Mind that payload is not preserved as part of Activity and is only available when activity is started/stopped. Therefore it is a good practice to specify all data that was passed to StartActivity()
in StopActivity()
as well.
Payload format
Diagnostic source event and activity start/stop API allows to specify only a single payload object. However, in order to pass more data and allow future additions the recommendation is to use dynamic objects. Since these are .NET objects the names of particular properties should follow standard .NET naming convention.
Here are some recommendations for typical payload property names:
Property name | Description |
---|---|
Endpoint |
The Uri of an endpoint the activity is for (for example, target database, service) |
PartitionKey |
The key/ID of the partition the activity is for |
Status |
The TaskStatus of a completed asynchronous task |
Exception |
The captured exception object |
Performance
In order to avoid unnecessary overhead, it is highly recommended to check if there is any listener for given activity:
source.IsEnabled() && source.IsEnabled("Example.MyLibrary.MyOperation")
The parameterless source.IsEnabled()
check should be put before any other as it is very efficient and can virtually prevent any overhead in absence of any listener for given diagnostic source.
It is also possible to specify additional context payload when making that call to allow the listener to make a more informed decision (for example, listeners may only be interested in activities for certain endpoint or partition).
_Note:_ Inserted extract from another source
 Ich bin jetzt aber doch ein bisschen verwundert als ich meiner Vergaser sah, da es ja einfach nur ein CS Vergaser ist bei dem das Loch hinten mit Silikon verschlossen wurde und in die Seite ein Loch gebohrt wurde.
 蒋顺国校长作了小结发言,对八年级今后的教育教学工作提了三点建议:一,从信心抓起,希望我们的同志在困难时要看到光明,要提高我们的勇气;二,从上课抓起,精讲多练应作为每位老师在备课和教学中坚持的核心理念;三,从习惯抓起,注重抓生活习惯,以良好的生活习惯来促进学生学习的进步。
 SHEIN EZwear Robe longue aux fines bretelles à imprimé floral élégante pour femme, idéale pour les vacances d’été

However, since this call is performed for every operation, it is NOT recommended to build a dynamic payload object as it was described earlier. Instead the raw input objects should be specified directly in the call - the Diagnostic Source API allows to specify up to two payload objects:
source.IsEnabled("Example.MyLibrary.MyOperation", input1, input2)
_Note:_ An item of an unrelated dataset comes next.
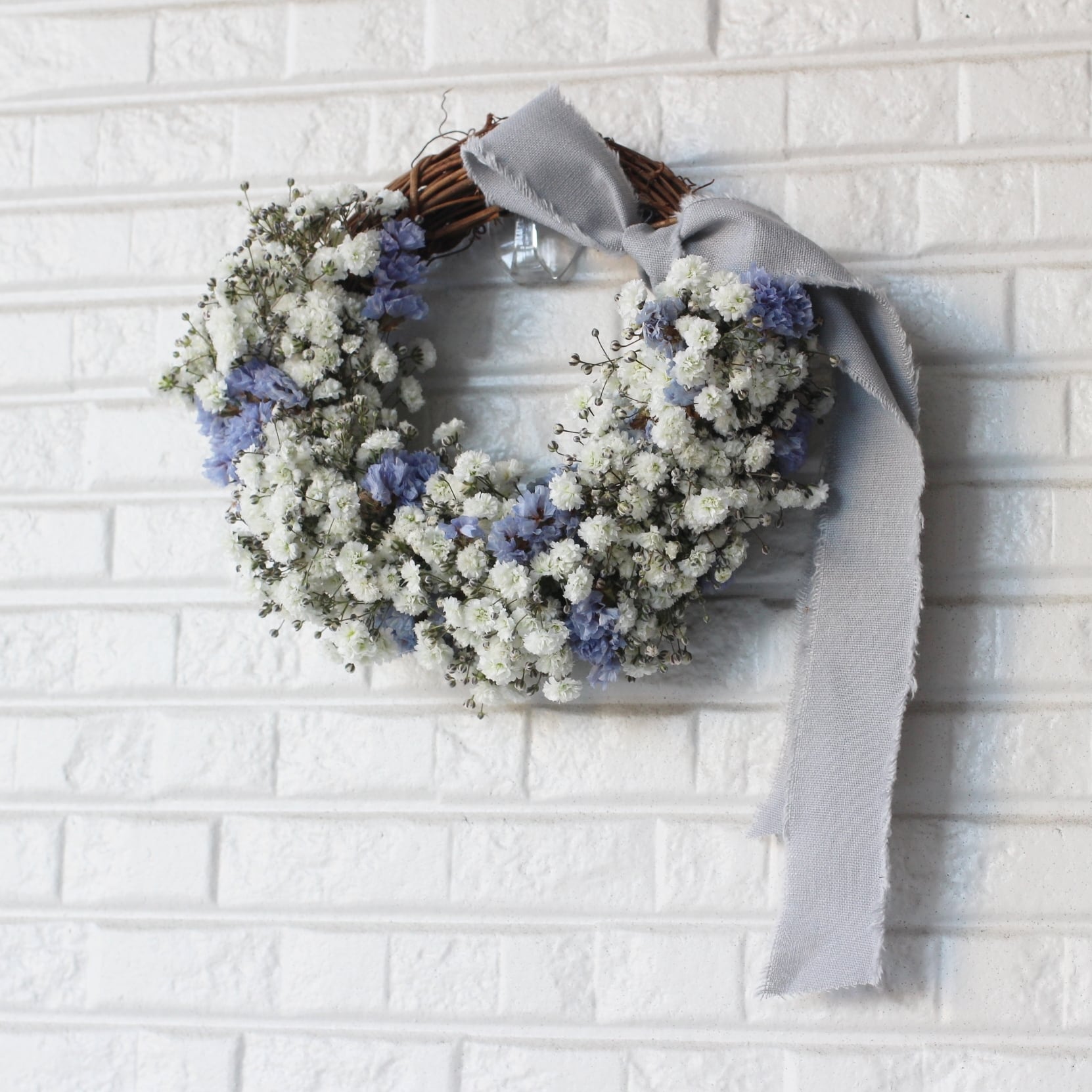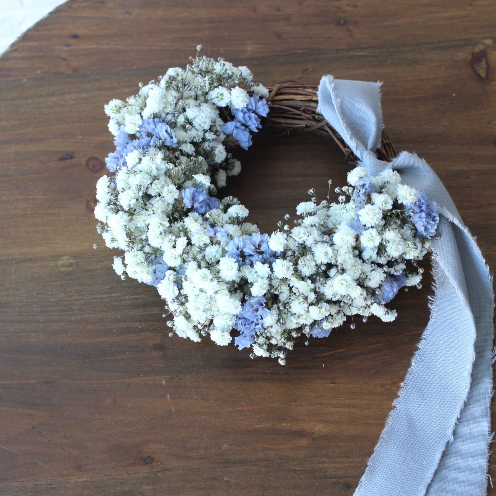 ◆花材:かすみ草(フレッシュフラワー)スターチス(ドライフラワー)
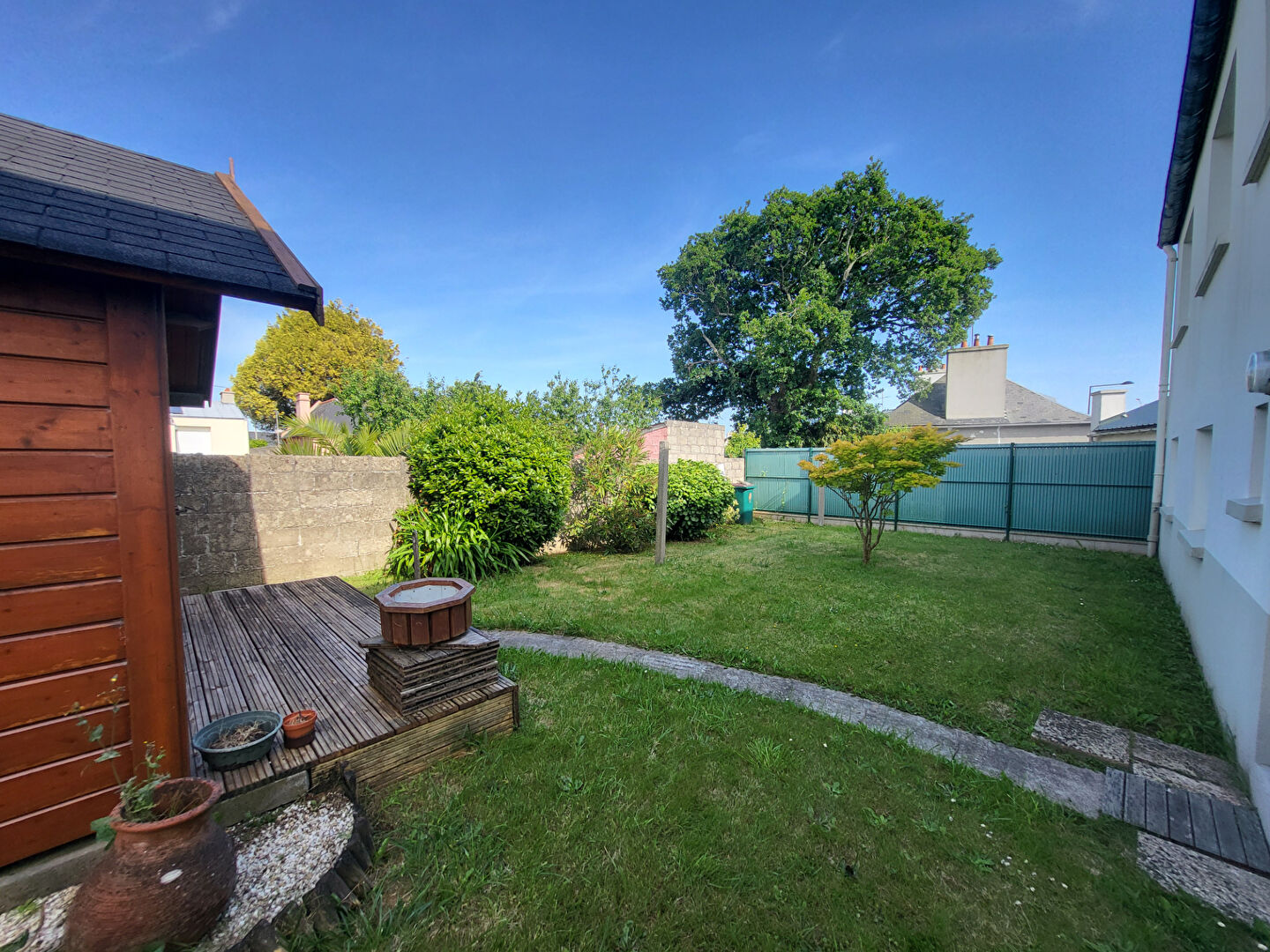 Non mitoyenne, cette maison dispose d'un terrain de 420m² , son jardin arboré est très bien entretenu, à l'abri des regards.

For more detailed performance considerations, refer to Diagnostic Source and Activity guides.
Tags
Activities can have additional tracing information in tags. Tags are meant to be easily, efficiently consumable and are expected to be logged with the activity without any processing. As such they should only contain essential information that should be made available to users to determine if the activity is of interest to them. All of the rich details should be made available in the payload.
Tags can be added to activity at any time of its existence until it is stopped. This way the activity can be enriched with information from operation input, output and/or exceptions. Note however that they should be specified as early as possible so that the listeners can have the most context. In particular, all available tags should be set before starting the activity.
Tags are not propagated to child activities.
activity.AddTag("size", "small");
activity.AddTag("color", "blue");
Tag naming
A single application can include numerous libraries instrumented with Diagnostic Source. In order to maintain a certain level of consistency of the whole diagnostic data, it is recommended to use a common tag naming convention. OpenTracing published naming convention for such tags and can be used as a reference. If no suitable tag was defined there, then a new name can be used, ideally following the same convention.